Speaking To Connect

in Speech

In 1989, my first semester of college, I learned a valuable lesson. I was taking a calculus course, but I learned a lesson in public speaking. The professor was quite intelligent and could solve any integral on earth. Her calculus was perfect, but she forgot one small detail – the audience. The professor spoke too fast for us to learn the subject. She was most concerned with presenting the greatest number of problems in the least amount of time with 100% accuracy.

I learned a powerful lesson in public speaking. I learned that it’s more important to strive for connection with the audience than to have technically perfect information that the audience does not fully grasp. Dale Carnegie and his Carnegie Institute of Technology pointed out this interesting fact as a result of extensive research. “Even in such technical lines as engineering, about 15% of one's financial success is due one's technical knowledge and about 85% is due to skill in human engineering, to personality and the ability to lead people.” When done correctly, speaking can open doors that pure academic information alone cannot.

For starters, it opens the door that separates teachers from students. In my calculus class, for example, many students were unable to follow the lessons. Personally, I believe the students who enrolled in the class have a certain responsibility to adjust to the professor’s teaching style – even if it’s difficult. In the real world, it is often the many employees who must adjust to the one manager. From a practical perspective, it takes a lot less energy for me as a speaker to lead by example. If I want my students or employees to adjust, I have the opportunity to show them how to discipline myself to change – even when I don’t want to do it. This is the first reason to focus on connecting over perfecting.

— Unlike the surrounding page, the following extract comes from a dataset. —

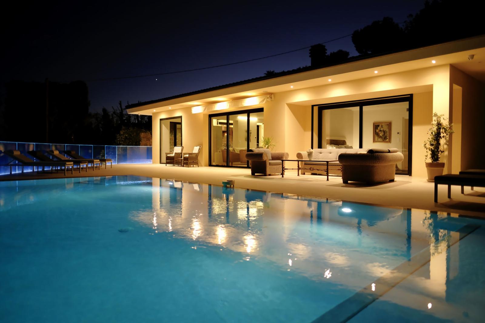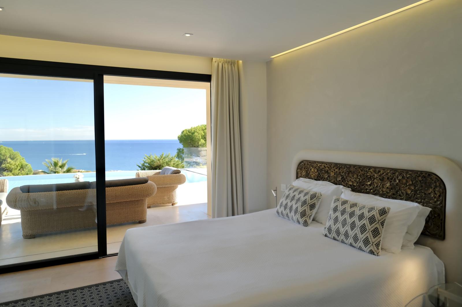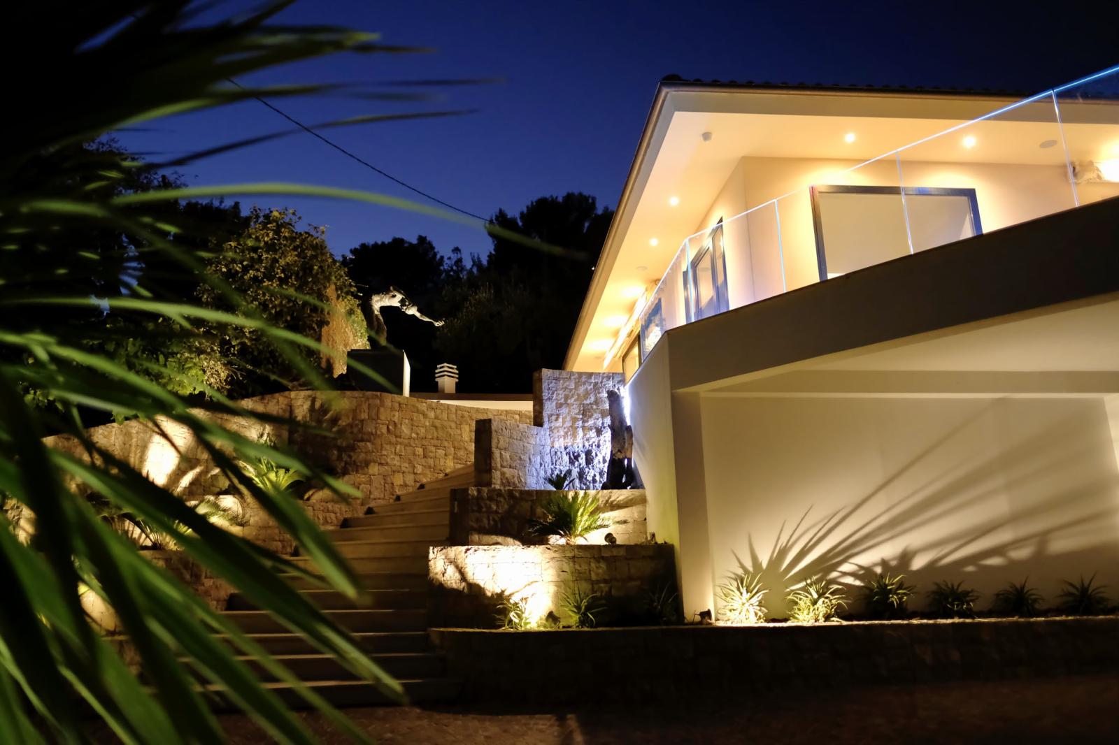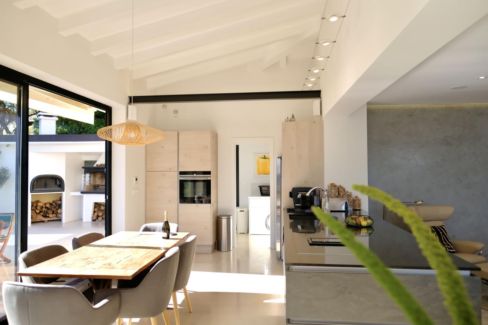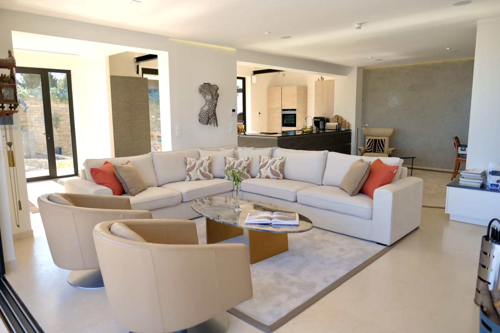 La villa dispose de quatre chambres spacieuses avec salles de douche en marbre clair et de beaux planchers de bois franc. Le salon avec de grandes fenêtres coulissantes dans le mur est ouvert avec une cuisine ultramoderne et bénéficie d’une cheminée créant une atmosphère chaleureuse. Un four à pizza professionnel et un barbecue complètent la salle à manger en plein air. Il est très facile de se détendre près de la piscine sur des lits et des canapés extérieurs donnant sur la mer Méditerranée, la côte italienne et les montagnes.

Speaking can also build a solid reputation more rapidly. Again, referring to my calculus course, when the professor chose perfection over connection, it built her reputation rapidly. It just wasn’t the reputation that best served our education. When you are presenting an idea, you are essentially selling. You want the audience to convert from lookers to listeners and from listeners to buyers. When I say, “buy”, I mean they accept your proposal. You persuade them to share your position. They learn what you are trying to teach. A favorable reputation makes the task of connecting easier.

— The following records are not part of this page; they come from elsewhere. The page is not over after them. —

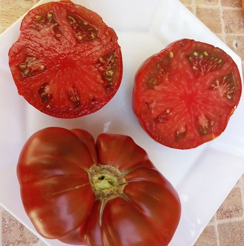 Индетерминантный, среднеспелый (ближе к среднераннему) сорт. Плоды округлые, крупные, с нкрупными ребрами у плодоножки, бордово-коричневого, на разрезе темно-бордовые. Вес- 250-400 грамм. Мякоть сочная, отличного вкуса, со сладостью. Салатный сорт. В упак. 10 шт.
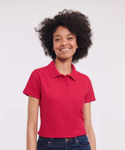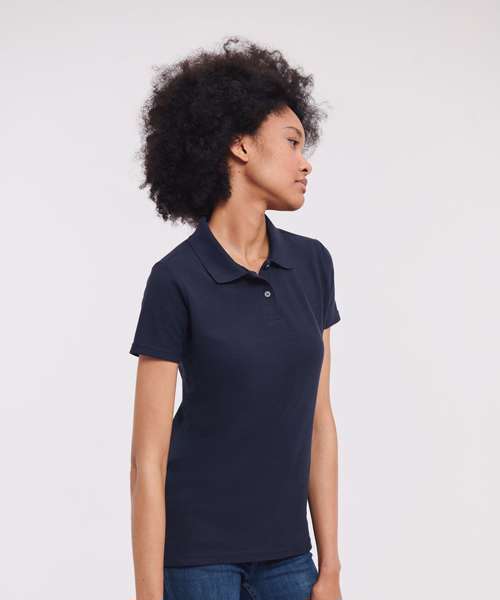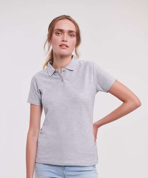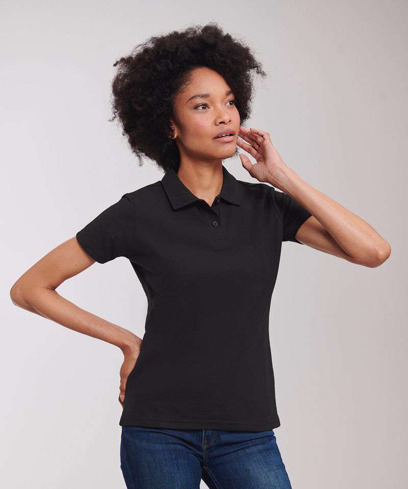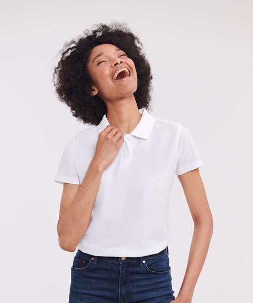 Unique double yarn pique provides an exceptionally soft hand feel and increased shape retention. Neck tape for wearer comfort and durability. Open sleeve with twin needle hem. Side vents for ease of fit. Spare button side seam. Reinforced shoulder seams. Twin needle hem for addded stability. Fitted feminine waist.
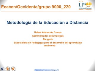 El documento describe la metodología de la educación a distancia, enfocándose en su definición, objetivos y características. Se destaca la importancia del autoaprendizaje y la flexibilidad en la formación, permitiendo el acceso a un aprendizaje universitario para personas con limitaciones. Además, se mencionan los procesos metodológicos y la utilización de tecnologías para facilitar el aprendizaje en entornos virtuales.

Finally, speaking can help you to increase your income. I realize that everyone doesn’t want to become a professional speaker. Besides, people don’t pay for speaking. People pay for solutions to problems. You are more likely to increase

income in any business when you can succinctly tell people what you do and how you can help to solve their problems. If they believe you can solve a problem for them, they will gladly contribute to your increase in income.

Here are some tips to help you connect with any audience to whom you speak.

1. Know your material – this fosters confidence - a major key to connecting.

2. Order – Study the sequence of your thoughts instead of perfecting every sentence word for word. This will alleviate stress and allow you to focus on connecting.

3. Eye contact - Looking at a person while you make your point(s) helps to develop trust between you.

4. Tell stories – Stories do more than entertain. They also endear you to your audience.

5. Blend in – Meet the audience before your speech. Get to know them and your ‘speech’ can feel more like a conversation among friends.

6. Act enthusiastic – if you are not excited about your topic, don’t expect anyone to stay awake.

It doesn’t matter if you are teaching calculus to college students, strategies to salesmen or the value of commodities to consumers, you must connect if you want others to learn from you. As you build your reputation, connecting becomes easier. Ultimately, you give others a reason to hire you or send you opportunities to increase your business. Connecting is the bottom line. When you prepare for your next speaking opportunity, don’t practice to perfect. Prepare to connect.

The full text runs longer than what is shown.